### What is being asked
For the records below, output word for word the lines from the one with "Multi-purpose rooms that" up to and including the one with "サイドブレーキ付き 多機能キャンピングカート (赤色)". No pictures.

[Data excerpts]

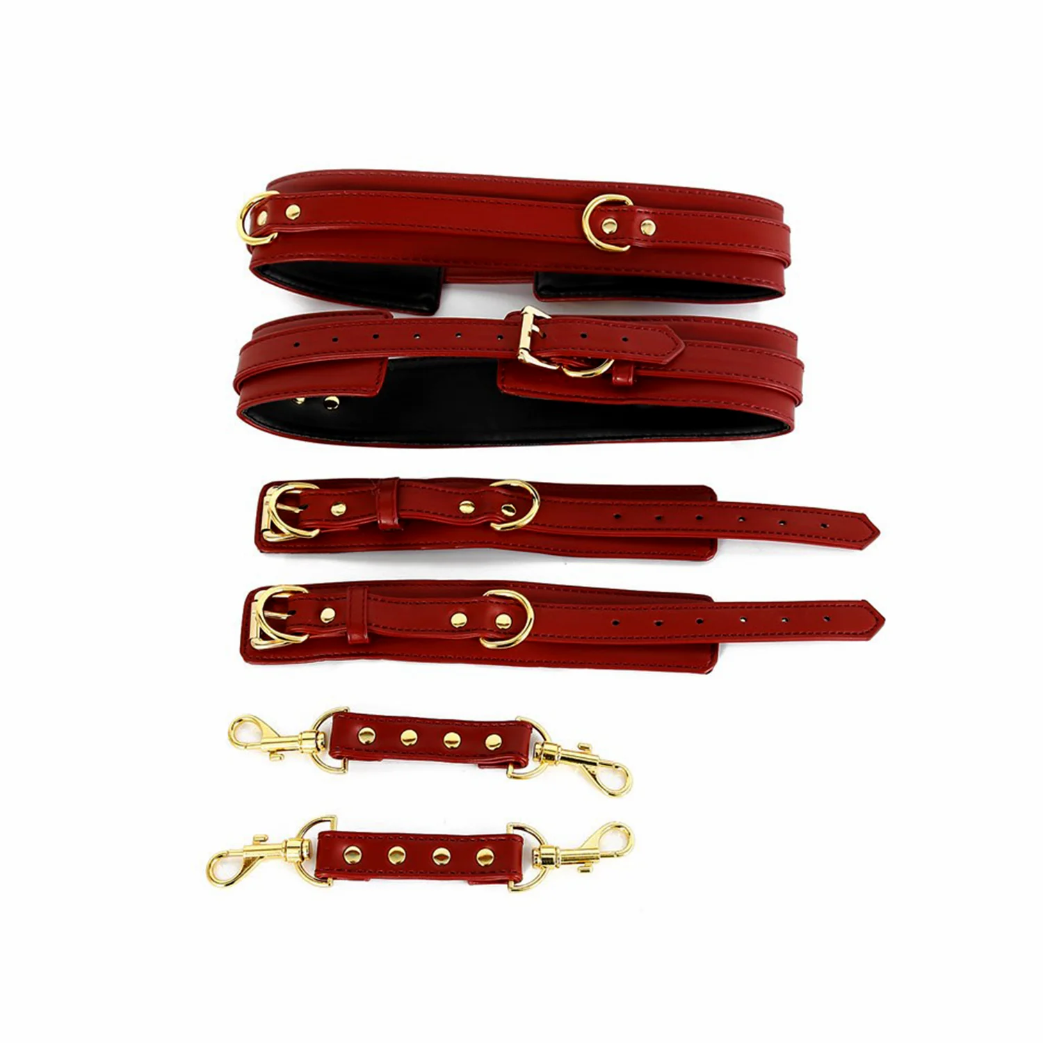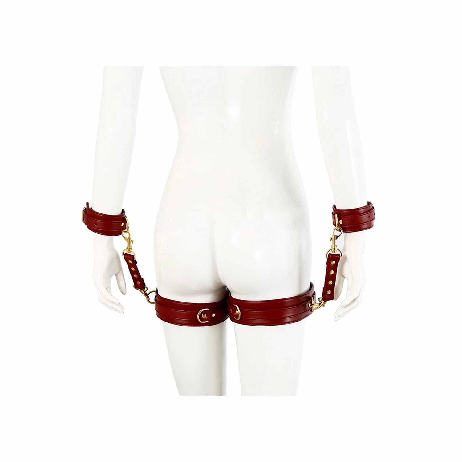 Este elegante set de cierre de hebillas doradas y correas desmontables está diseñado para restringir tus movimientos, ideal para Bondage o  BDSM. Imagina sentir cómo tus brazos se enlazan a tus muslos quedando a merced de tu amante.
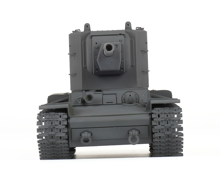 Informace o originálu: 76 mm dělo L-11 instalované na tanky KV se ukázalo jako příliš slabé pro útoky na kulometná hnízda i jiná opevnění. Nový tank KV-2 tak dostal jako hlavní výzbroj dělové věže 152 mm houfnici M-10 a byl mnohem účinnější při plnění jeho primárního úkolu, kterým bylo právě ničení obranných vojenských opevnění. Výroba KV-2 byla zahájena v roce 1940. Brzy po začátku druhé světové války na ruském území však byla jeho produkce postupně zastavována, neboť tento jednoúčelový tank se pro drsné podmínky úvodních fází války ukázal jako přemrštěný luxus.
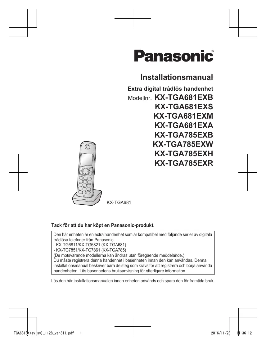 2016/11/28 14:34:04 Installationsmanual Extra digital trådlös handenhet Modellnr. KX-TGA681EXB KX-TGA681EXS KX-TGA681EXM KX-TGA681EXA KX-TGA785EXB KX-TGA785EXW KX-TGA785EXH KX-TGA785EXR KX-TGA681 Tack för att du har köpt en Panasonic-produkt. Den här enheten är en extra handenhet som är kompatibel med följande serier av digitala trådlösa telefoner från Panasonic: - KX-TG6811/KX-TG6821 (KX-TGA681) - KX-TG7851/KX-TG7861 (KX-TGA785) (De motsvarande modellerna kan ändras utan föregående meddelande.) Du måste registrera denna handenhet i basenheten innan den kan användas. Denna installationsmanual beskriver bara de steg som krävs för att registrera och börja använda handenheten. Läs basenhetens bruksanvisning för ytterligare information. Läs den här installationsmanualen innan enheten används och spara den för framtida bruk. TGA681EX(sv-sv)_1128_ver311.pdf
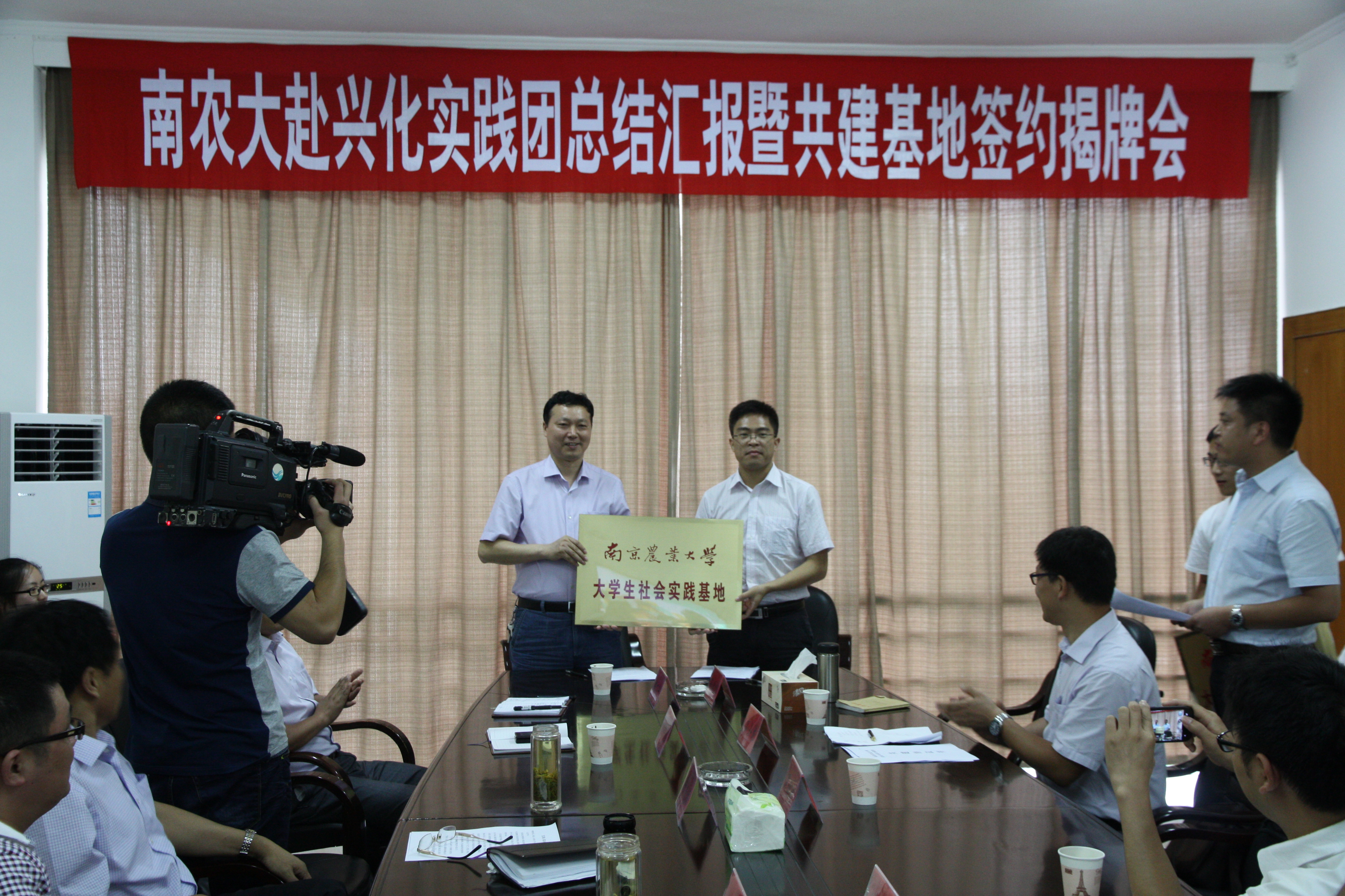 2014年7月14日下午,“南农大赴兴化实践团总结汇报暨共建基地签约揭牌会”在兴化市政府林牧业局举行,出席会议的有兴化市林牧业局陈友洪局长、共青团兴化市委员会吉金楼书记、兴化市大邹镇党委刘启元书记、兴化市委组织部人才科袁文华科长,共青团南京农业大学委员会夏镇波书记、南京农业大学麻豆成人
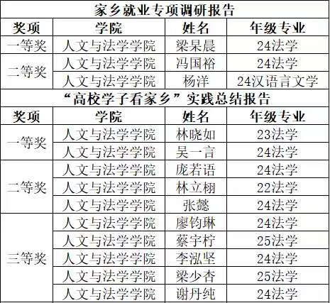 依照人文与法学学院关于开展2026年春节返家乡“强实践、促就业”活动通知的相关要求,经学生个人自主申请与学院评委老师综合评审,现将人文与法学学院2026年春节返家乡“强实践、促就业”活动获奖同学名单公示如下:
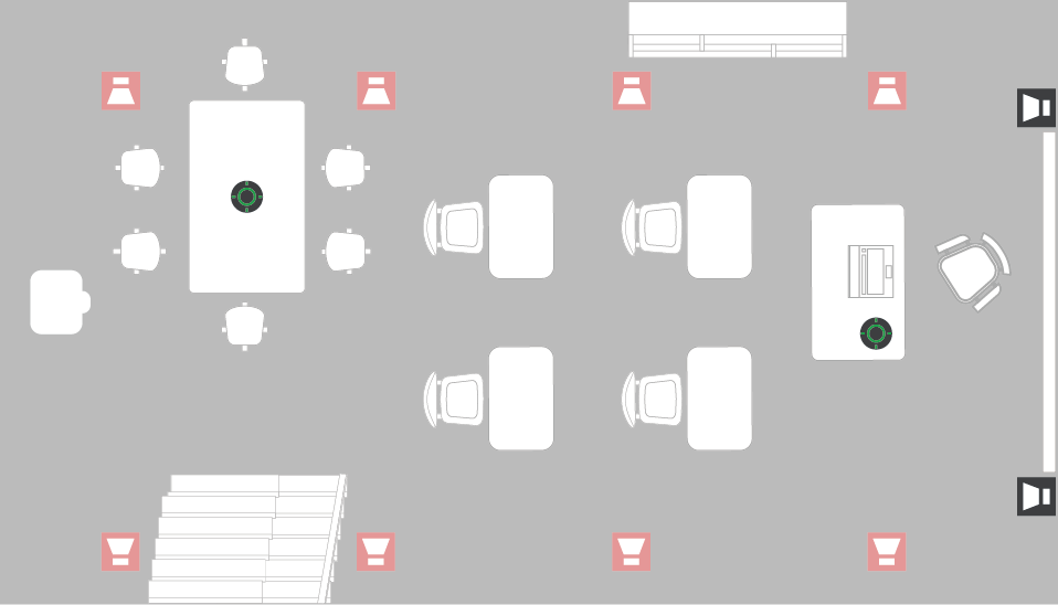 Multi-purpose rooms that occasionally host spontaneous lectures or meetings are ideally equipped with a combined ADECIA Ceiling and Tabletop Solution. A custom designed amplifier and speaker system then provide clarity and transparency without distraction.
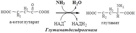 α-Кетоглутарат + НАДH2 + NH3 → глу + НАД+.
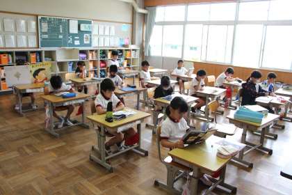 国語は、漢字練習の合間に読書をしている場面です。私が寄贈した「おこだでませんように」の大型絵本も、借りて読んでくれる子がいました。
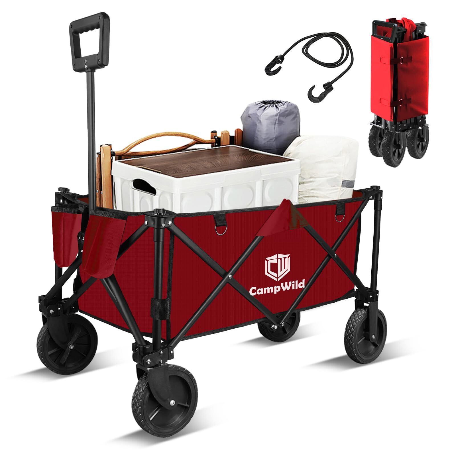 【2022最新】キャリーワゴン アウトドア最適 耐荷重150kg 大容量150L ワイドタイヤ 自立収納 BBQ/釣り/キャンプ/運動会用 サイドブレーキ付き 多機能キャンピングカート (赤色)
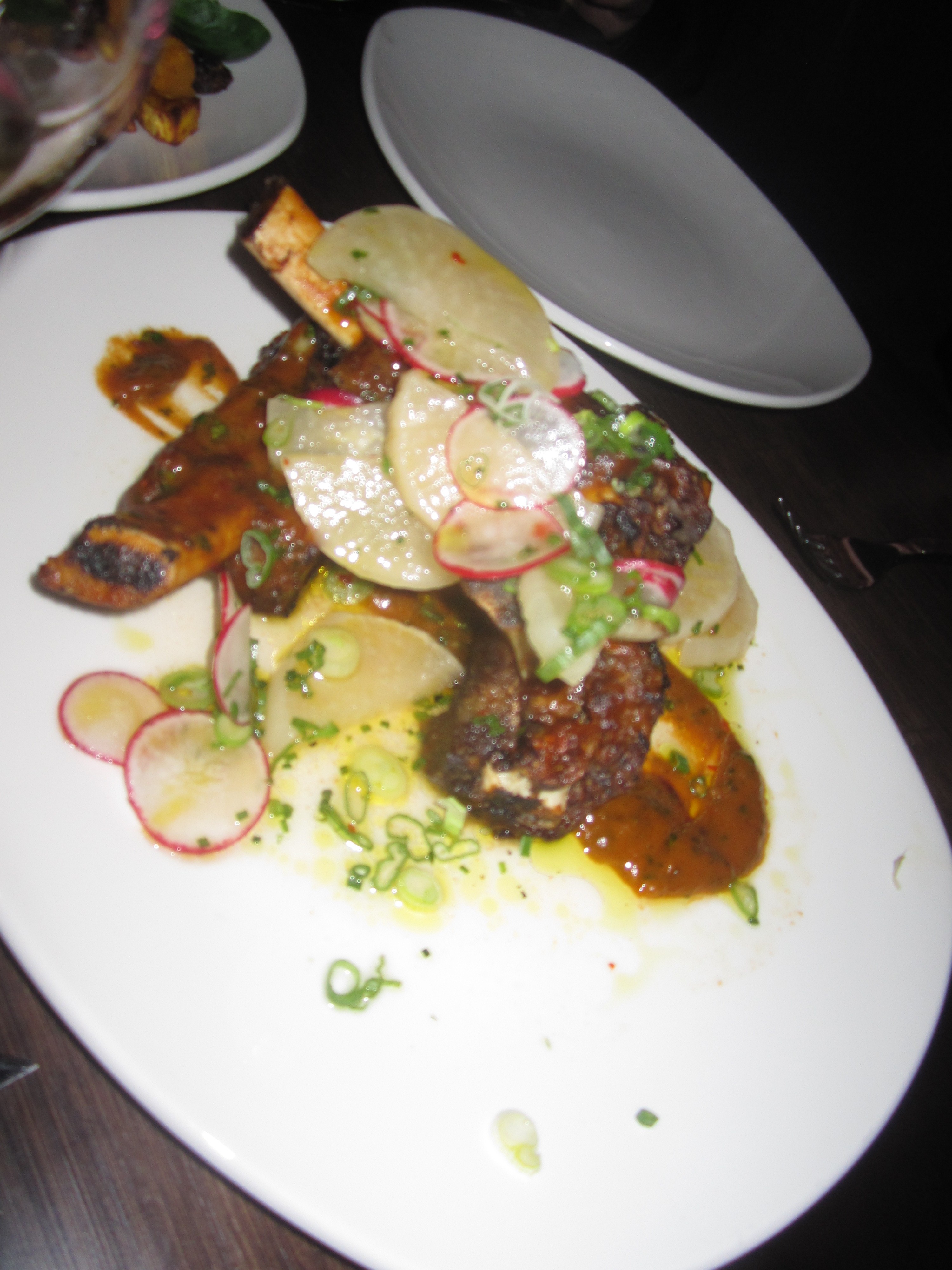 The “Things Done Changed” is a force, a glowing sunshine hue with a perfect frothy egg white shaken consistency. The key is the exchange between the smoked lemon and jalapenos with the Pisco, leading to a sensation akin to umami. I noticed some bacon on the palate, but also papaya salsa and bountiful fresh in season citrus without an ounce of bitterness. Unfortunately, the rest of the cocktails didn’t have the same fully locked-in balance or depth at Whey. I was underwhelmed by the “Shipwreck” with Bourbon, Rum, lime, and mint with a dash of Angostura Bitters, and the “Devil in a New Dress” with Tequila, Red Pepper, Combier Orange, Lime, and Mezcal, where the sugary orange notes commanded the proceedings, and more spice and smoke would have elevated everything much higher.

### Response for this exercise
 Multi-purpose rooms that occasionally host spontaneous lectures or meetings are ideally equipped with a combined ADECIA Ceiling and Tabletop Solution. A custom designed amplifier and speaker system then provide clarity and transparency without distraction.
 α-Кетоглутарат + НАДH2 + NH3 → глу + НАД+.
 国語は、漢字練習の合間に読書をしている場面です。私が寄贈した「おこだでませんように」の大型絵本も、借りて読んでくれる子がいました。
 【2022最新】キャリーワゴン アウトドア最適 耐荷重150kg 大容量150L ワイドタイヤ 自立収納 BBQ/釣り/キャンプ/運動会用 サイドブレーキ付き 多機能キャンピングカート (赤色)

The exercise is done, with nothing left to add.